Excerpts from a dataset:

*** Begin section ***

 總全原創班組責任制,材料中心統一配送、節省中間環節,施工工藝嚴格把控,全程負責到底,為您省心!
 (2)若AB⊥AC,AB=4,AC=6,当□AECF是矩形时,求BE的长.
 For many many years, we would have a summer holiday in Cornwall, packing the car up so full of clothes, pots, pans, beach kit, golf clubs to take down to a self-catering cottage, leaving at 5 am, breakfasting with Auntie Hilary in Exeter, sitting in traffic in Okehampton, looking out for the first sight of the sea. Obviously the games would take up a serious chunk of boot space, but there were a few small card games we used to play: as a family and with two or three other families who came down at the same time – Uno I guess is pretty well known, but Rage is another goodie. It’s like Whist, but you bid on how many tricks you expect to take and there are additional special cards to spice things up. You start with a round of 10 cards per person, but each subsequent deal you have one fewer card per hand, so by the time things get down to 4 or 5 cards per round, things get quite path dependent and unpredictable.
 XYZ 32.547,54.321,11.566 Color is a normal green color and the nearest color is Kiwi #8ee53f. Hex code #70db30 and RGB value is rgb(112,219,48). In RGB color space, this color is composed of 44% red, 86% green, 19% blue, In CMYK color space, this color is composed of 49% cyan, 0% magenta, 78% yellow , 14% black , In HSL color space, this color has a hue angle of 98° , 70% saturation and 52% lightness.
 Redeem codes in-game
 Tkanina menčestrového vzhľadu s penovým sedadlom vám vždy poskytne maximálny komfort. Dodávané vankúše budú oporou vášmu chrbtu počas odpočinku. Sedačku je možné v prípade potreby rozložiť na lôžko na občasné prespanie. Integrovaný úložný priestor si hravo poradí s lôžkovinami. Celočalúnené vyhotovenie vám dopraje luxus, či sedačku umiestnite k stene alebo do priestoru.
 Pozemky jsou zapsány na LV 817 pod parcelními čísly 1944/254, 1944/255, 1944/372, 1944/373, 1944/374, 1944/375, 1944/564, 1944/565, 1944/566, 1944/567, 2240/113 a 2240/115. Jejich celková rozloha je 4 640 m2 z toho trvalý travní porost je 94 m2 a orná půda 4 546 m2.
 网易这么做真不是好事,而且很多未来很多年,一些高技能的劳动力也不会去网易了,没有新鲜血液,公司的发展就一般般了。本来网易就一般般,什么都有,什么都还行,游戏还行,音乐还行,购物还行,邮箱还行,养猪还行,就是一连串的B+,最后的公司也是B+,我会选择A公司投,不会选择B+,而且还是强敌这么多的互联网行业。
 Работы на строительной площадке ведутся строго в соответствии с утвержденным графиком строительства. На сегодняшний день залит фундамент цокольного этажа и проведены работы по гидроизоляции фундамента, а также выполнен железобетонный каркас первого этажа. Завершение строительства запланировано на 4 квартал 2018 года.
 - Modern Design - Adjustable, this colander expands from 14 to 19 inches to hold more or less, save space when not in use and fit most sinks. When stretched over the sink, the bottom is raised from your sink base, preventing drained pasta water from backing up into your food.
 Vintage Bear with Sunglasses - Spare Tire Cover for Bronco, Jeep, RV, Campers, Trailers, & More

*** End section ***

Lines that contain "with" should be pulled from the entries above and reported.

• Solution to this task:
 For many many years, we would have a summer holiday in Cornwall, packing the car up so full of clothes, pots, pans, beach kit, golf clubs to take down to a self-catering cottage, leaving at 5 am, breakfasting with Auntie Hilary in Exeter, sitting in traffic in Okehampton, looking out for the first sight of the sea. Obviously the games would take up a serious chunk of boot space, but there were a few small card games we used to play: as a family and with two or three other families who came down at the same time – Uno I guess is pretty well known, but Rage is another goodie. It’s like Whist, but you bid on how many tricks you expect to take and there are additional special cards to spice things up. You start with a round of 10 cards per person, but each subsequent deal you have one fewer card per hand, so by the time things get down to 4 or 5 cards per round, things get quite path dependent and unpredictable.
 Vintage Bear with Sunglasses - Spare Tire Cover for Bronco, Jeep, RV, Campers, Trailers, & More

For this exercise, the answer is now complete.